Today’s Scripture: Romans 2:4
“God’s kindness is meant to lead you to repentance.”
As we begin to mortify a particular sin, we’ll often fail more than we succeed. Then we must realize that we stand before God on the basis of his grace rather than our performance.
I realize there’s a fine line between using grace as an excuse for our sin and using grace as a remedy for it. John Owen had keen insight on this: “here then is where the deceit of sin intervenes. It persuades us to dwell upon the notion of grace and diverts our attention from the influence that grace gives to achieve its proper application in holy lives. From the doctrine of assured pardon of sin, it insinuates a carelessness for sin. the soul—needing frequently to return to Gospel grace because of guilt—allows grace to become commonplace and ordinary. Having found a good medicine for its wound, it then takes it for granted.”

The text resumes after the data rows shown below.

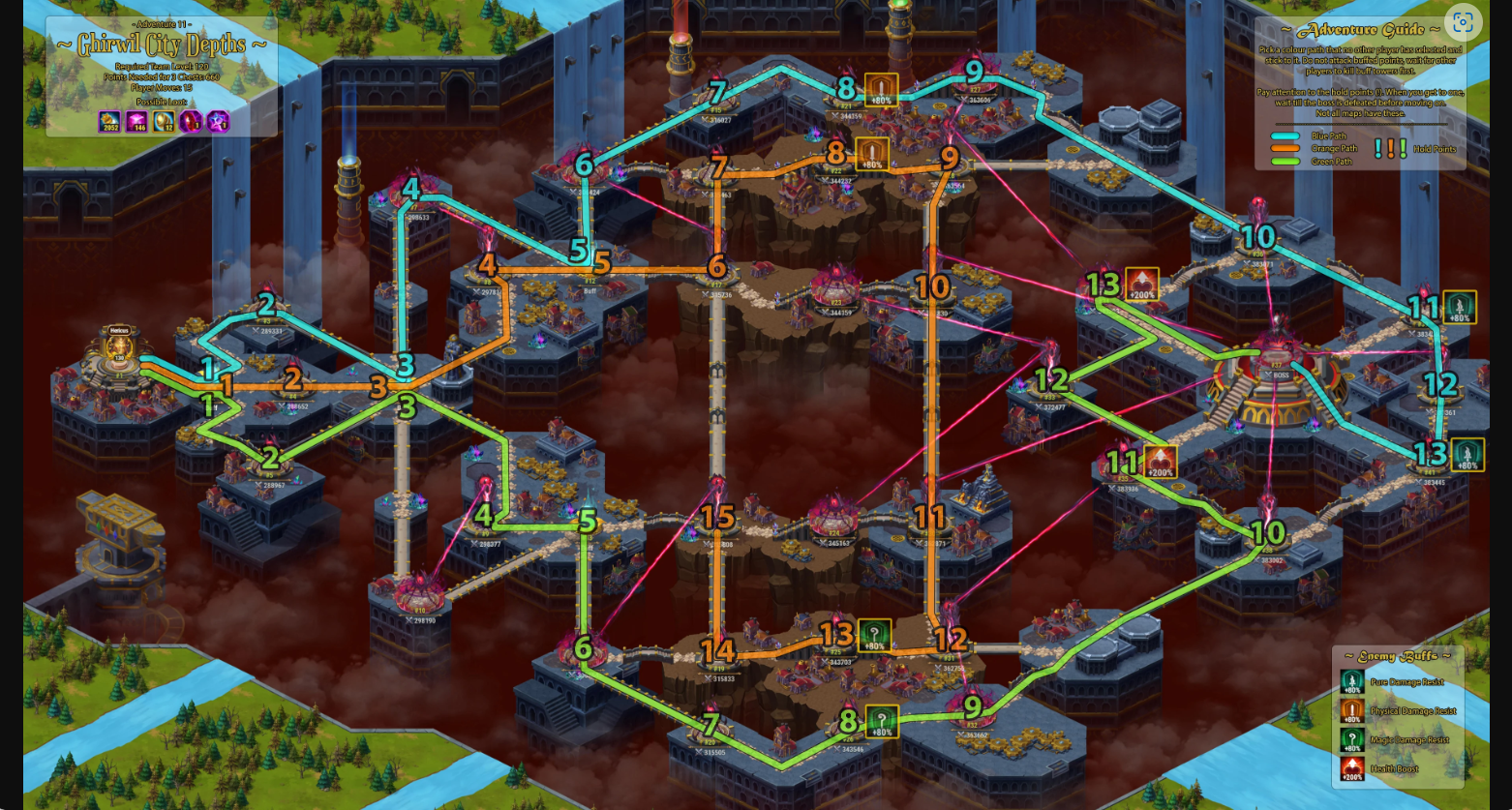 Conseil : Le premier joueur de l'aventure de faire le trajet du milieu pour dégager la voie pour les deux autres joueurs, le but étant de gagner tous les combats et les 4 coffres. Dans cette aventure, 1 combat perdu = 1 coffre perdu.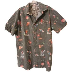 Volcom Club Destroy Shirt Men's Sz L Gray Flamingo Birds Pizza Drunk Punk made in FRANCE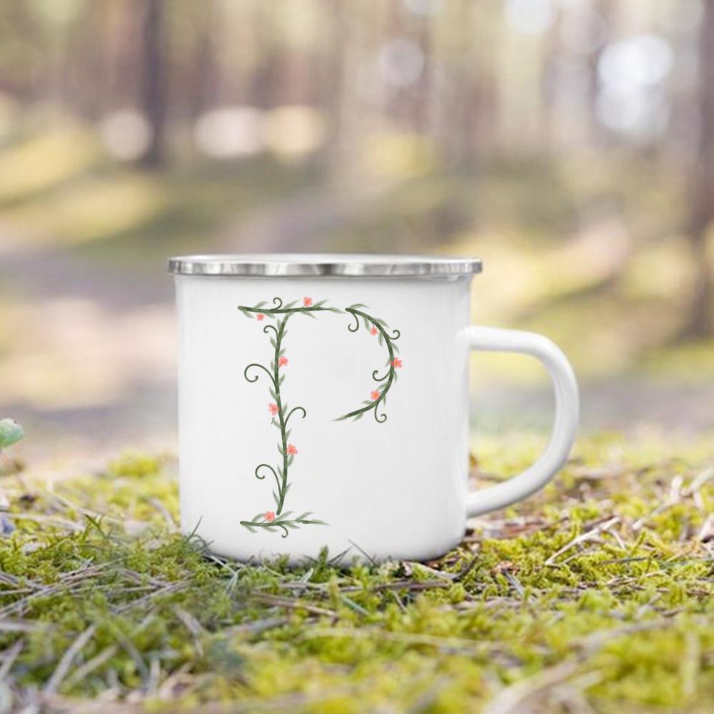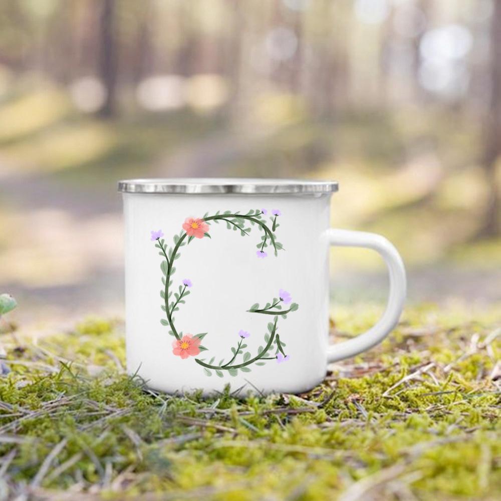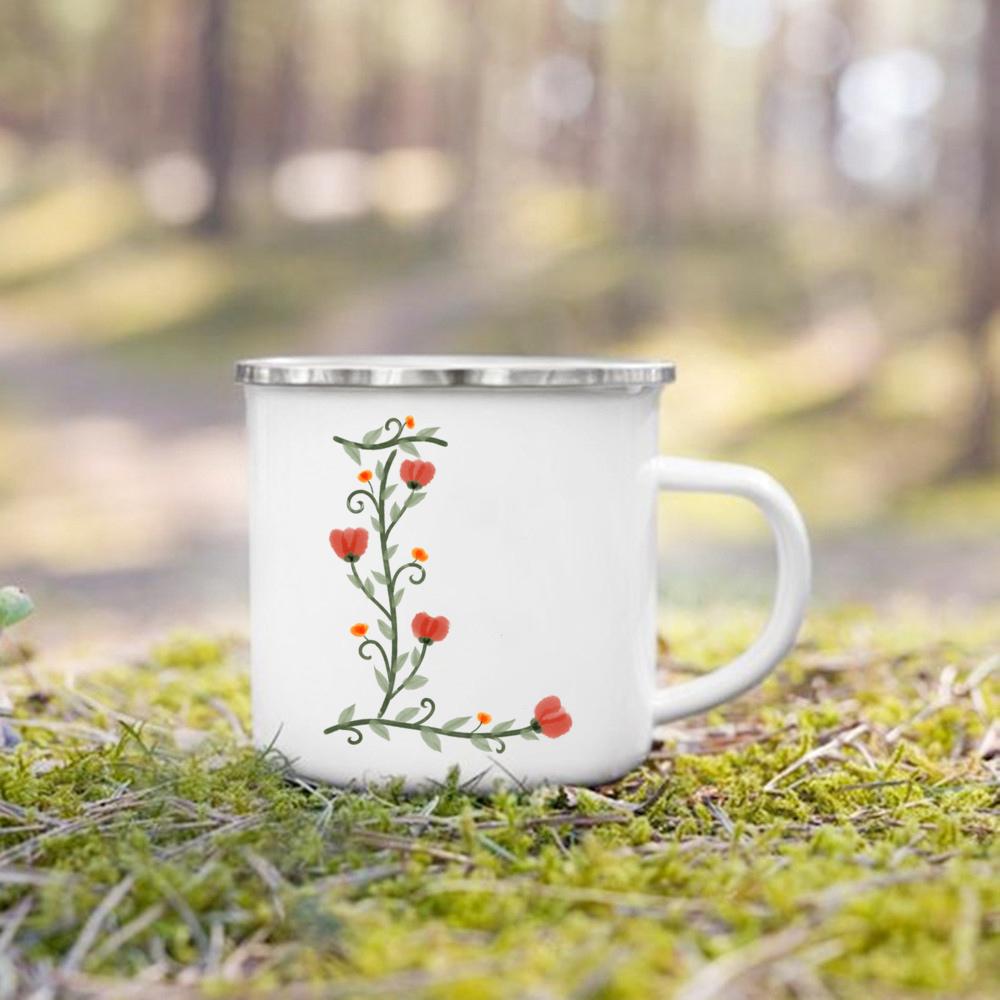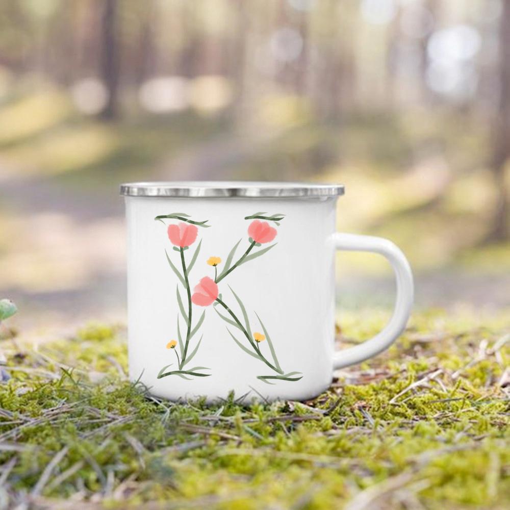 Эмалированная чашка с цветочным алфавитом и ручкой для кемпинга, кружки для кофе и чая, праздничные кружки для дня рождения, кемпинга, костра, лучшие оригинальные и забавные подарки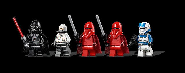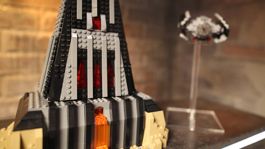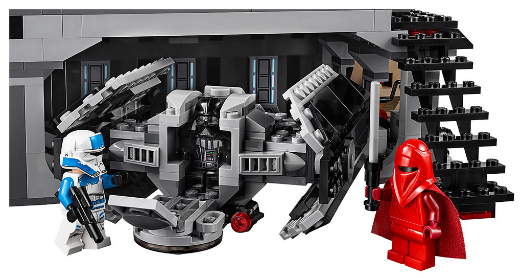 從正面看,本作擁有完整的外觀,並且用上橘色的透明磚營造出岩漿滾滾的地理環境,而轉到背面即可藉著娃娃屋的結構細細把玩豐富的內裝,最底層可以容納一台黑武士的專屬鈦戰機,上層則是浸泡在Bacta Tank 裡的黑武士與兩位帝國皇家禁衛軍,再往上則是超酷的專屬座位和砲塔、駕駛兵;除了這座少見而且精美的私人堡壘之外,本作的一大亮點就是一次給你兩個黑武士,浸泡在能夠快速恢復損傷的Bacta Tank、印刷精美的維德人偶超讚呀!

The way to stay on the right side of the fine line between using and abusing grace is repentance. The road to repentance is godly sorrow (2 Corinthians 7:10, NIV). Godly sorrow is developed when we focus on the true nature of sin as an offense against God rather than something that makes us feel guilty. Sin is an affront to God’s holiness, it grieves his Holy Spirit, and it wounds afresh the Lord Jesus Christ. It also gratifies Satan, the archenemy of God. Dwelling on the true nature of sin leads us to godly sorrow, which in turn leads us to repentance.
Having come to repentance, we must by faith lay hold of the cleansing blood of Christ, which alone can cleanse our consciences. In fact, it is faith in Christ and the assurance of the efficacy of his cleansing blood that leads us to repentance.